There are other anecdotes, but you get the point. Proof is in the pudding--stock price continues to hit new lows. This is a company headed toward serious financial trouble.


----------



## cnsf (Jun 6, 2002)

It seems (according to a Dish rep. last night) that YES should be coming to Dish by the All-Star break. No details on charges, but it's the first hint of such I've heard.

Might have been a low-level rep., but he was a Yankee fan too.

Hopefully, it won't affect the overall cost to non-Yankee fans.


----------



## Kevin (Mar 27, 2002)

> _Originally posted by cnsf _
> *It seems (according to a Dish rep. last night) that YES should be coming to Dish by the All-Star break. No details on charges, but it's the first hint of such I've heard.
> 
> Might have been a low-level rep., but he was a Yankee fan too.
> ...


I wouldn't believe that CSR. They aren't supposed to release any details about a pending deal until the deal is official (it's under the contract). I hate to be pessimistic but I don't think Dish subs are going to see the Yanks at all this season.


----------



## Adam Richey (Mar 25, 2002)

I can't believe that the government is getting involved in deciding what programming we do and do not get. In my opinion, this is something they shouldn't get involved with. It's a money issue between YES and Cablevision, NOT between anybody else.


----------



## cnsf (Jun 6, 2002)

The impression I got is that the CSR slipped and definitely wasn't supposed to tell me. Who knows? Since I was already upgrading to the Everything pack, there was no need for him to divulge the info. 

Kevin, I hope you're wrong, but still have a gut feeling you may be right. I'm trying to take it with a grain of salt, but you can't help but get your hopes up if you're a true fan, but dont have tons of cash to set up both and subscribe to E* and D*.

As for the government intervention comment, I agree on principal to a point. When it's the subscribers that end up being the only ones suffering, the government has to intervene if it appears there is an impasse, just like a strike situation. Give them a chance to work it out, but if they're affecting a number of people that are innocent in the process, they should jump in.

Just my 2 cents.


----------



## Chardo (Apr 11, 2002)

> _Originally posted by DBSOgre _
> *I can't believe that the government is getting involved in deciding what programming we do and do not get. In my opinion, this is something they shouldn't get involved with. It's a money issue between YES and Cablevision, NOT between anybody else. *


As it stands now, 3 million Cablevision customers are being denied a fair opportunity to pay for and watch Yankees games.

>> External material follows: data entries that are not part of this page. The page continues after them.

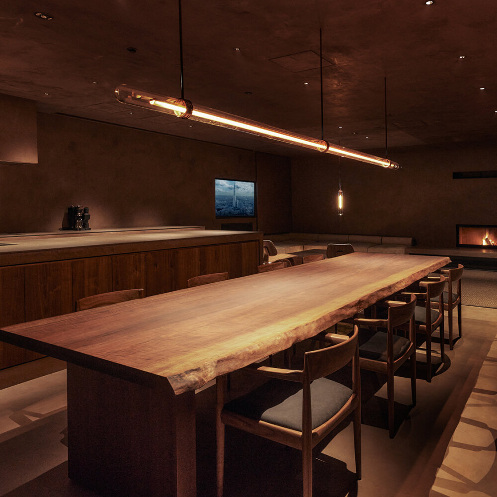 NOT A HOTEL NASU CAVE (see more here) features a cavernous cold bath, drenched in darkness, where visitors can enjoy a moment of calm while gazing at the water’s flickering surface. Complementing the cave-like experience is a glass-enclosed sauna filled with sunlight and framing the outdoor scenery and, just outside, an infinity pool spanning nine meters in width, surrounded by trees. Moving to the more private areas, the team at Suppose Design Office includes an equally cavernous hot spring tucked inside a bathroom, with a wide view towards the ranch.
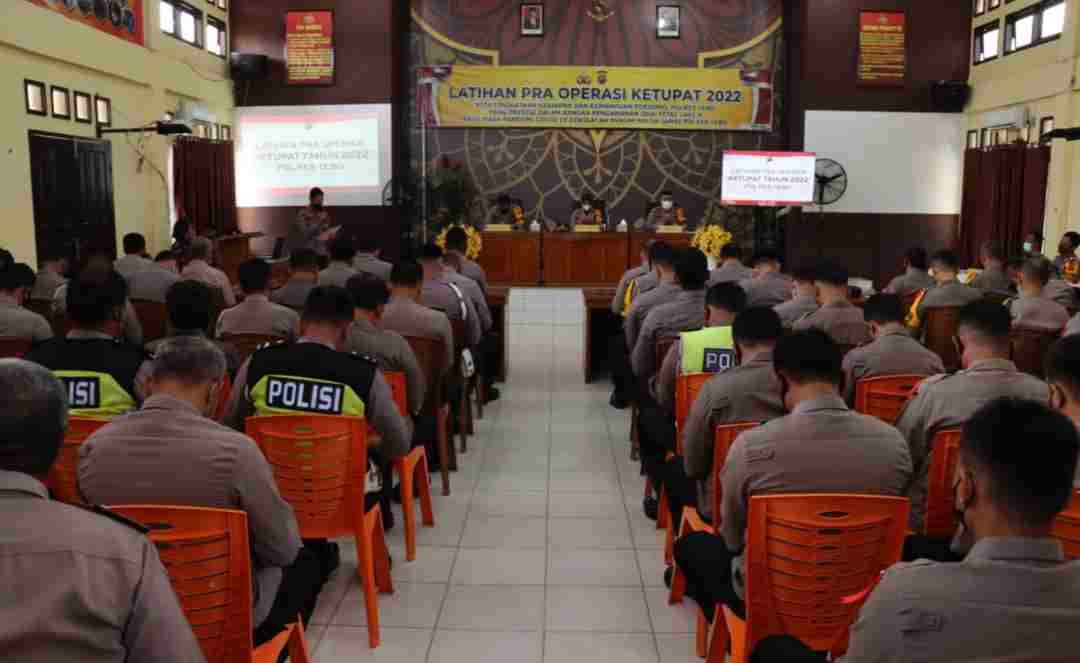 TEBO, NASIONALXPOS CO.ID – Jelang Hari Raya Idul Fitri 1443 Hijriah / 2022 Polres Tebo menggelar Latihan Pra Operasi Ketupat 2022 bertempat di Gedung Aula Polres Tebo, Selasa (26/4) pagi.
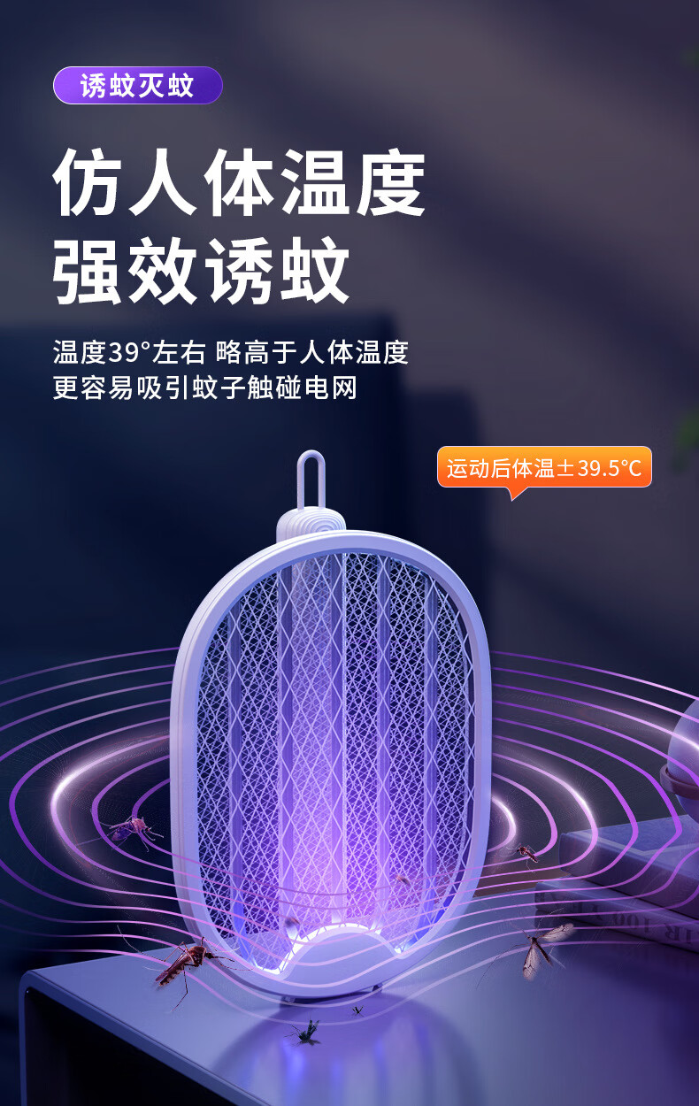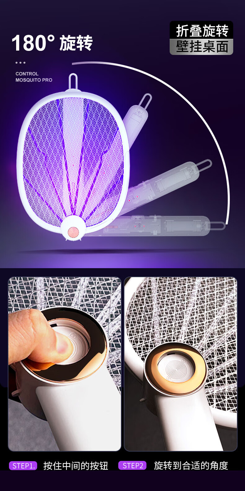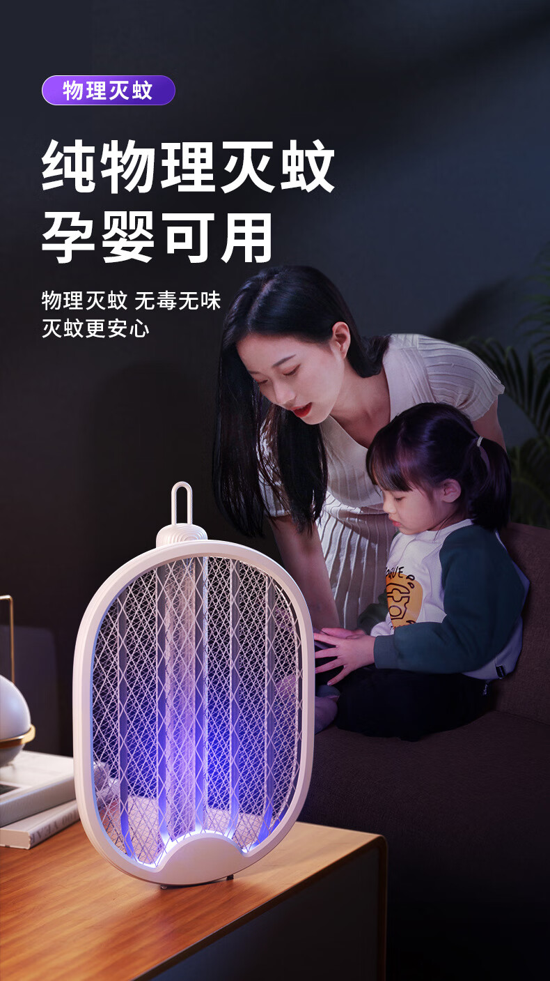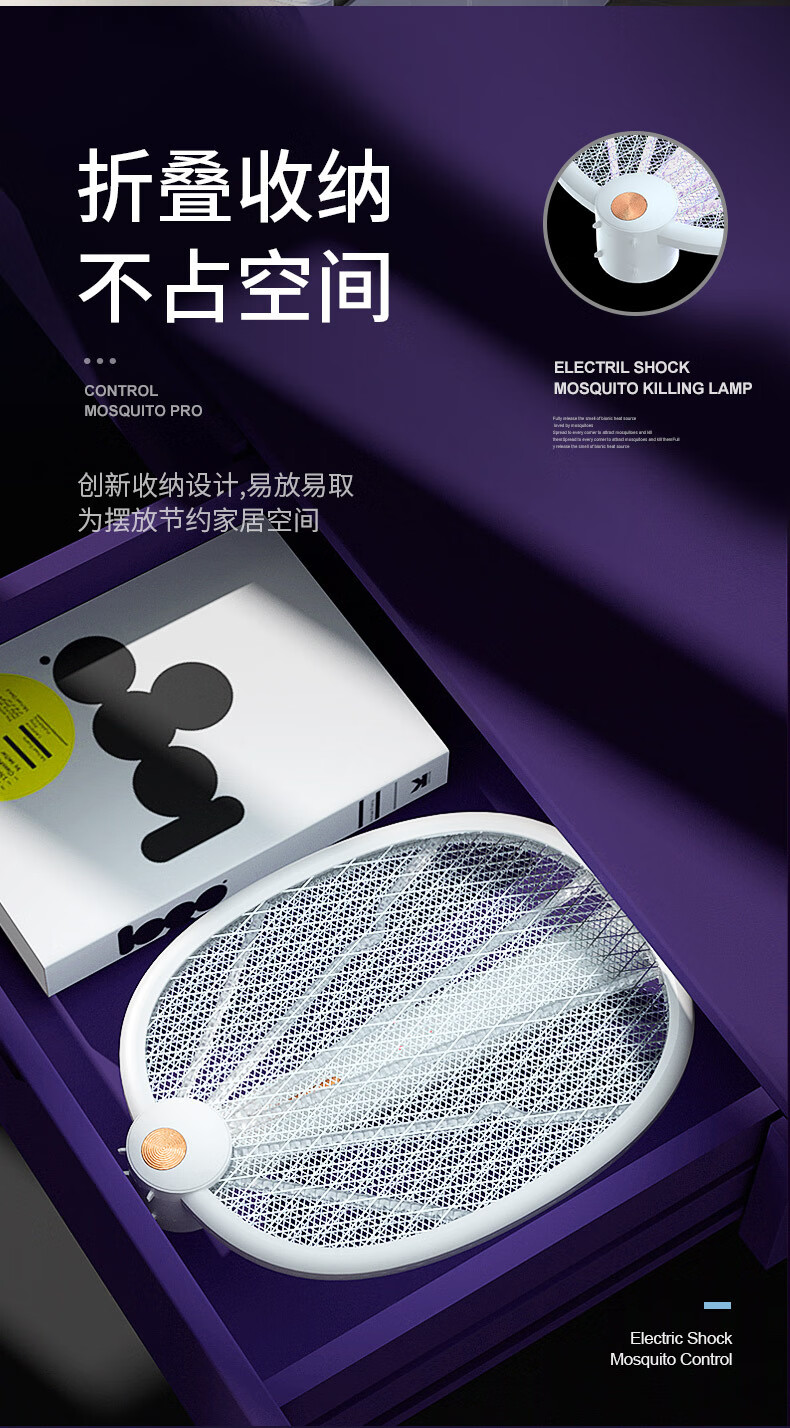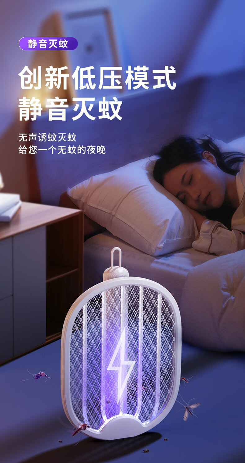Midea Rotating Folding Mosquito Killer Swatter Home Three-in-One Rechargeable Handheld Mosquito Killer Lamp Purple Light Mosquito Attraction Lightweight Electric Mosquito Swatter Electric Mosquito Swatter Rechargeable Household Two-in-One Automatic Mosquito Killer White Leaf-Vertical Mosquito Killer Swatter

They are being denied this opportunity due to monopolistic and anticompetitive business practices that are in violation of antitrust laws. As such, government intervention is appropriate.


----------



## Scott Greczkowski (Mar 21, 2002)

Chardo,

These Cablevision people have choices so that they can see the Yankees games. Cablevision is not the only game in town.

Therefore the Government should keep its nose out of matters like these.

I mean I love White Castle Hamburgers, but there are no White Castle Resturants in Connecticut, does that means I should sue the state so that they open a White Castle here?

The lines are owned by Cablevision, they choose which channels they want to carry. If customers do not like their selection nothing is keeping the customer from using another service.


----------



## cnsf (Jun 6, 2002)

Point understood, but you've omitted the fact that the New York area is a very mountainous/hilly region and many, many customers cannot get a line of sight to the SW. 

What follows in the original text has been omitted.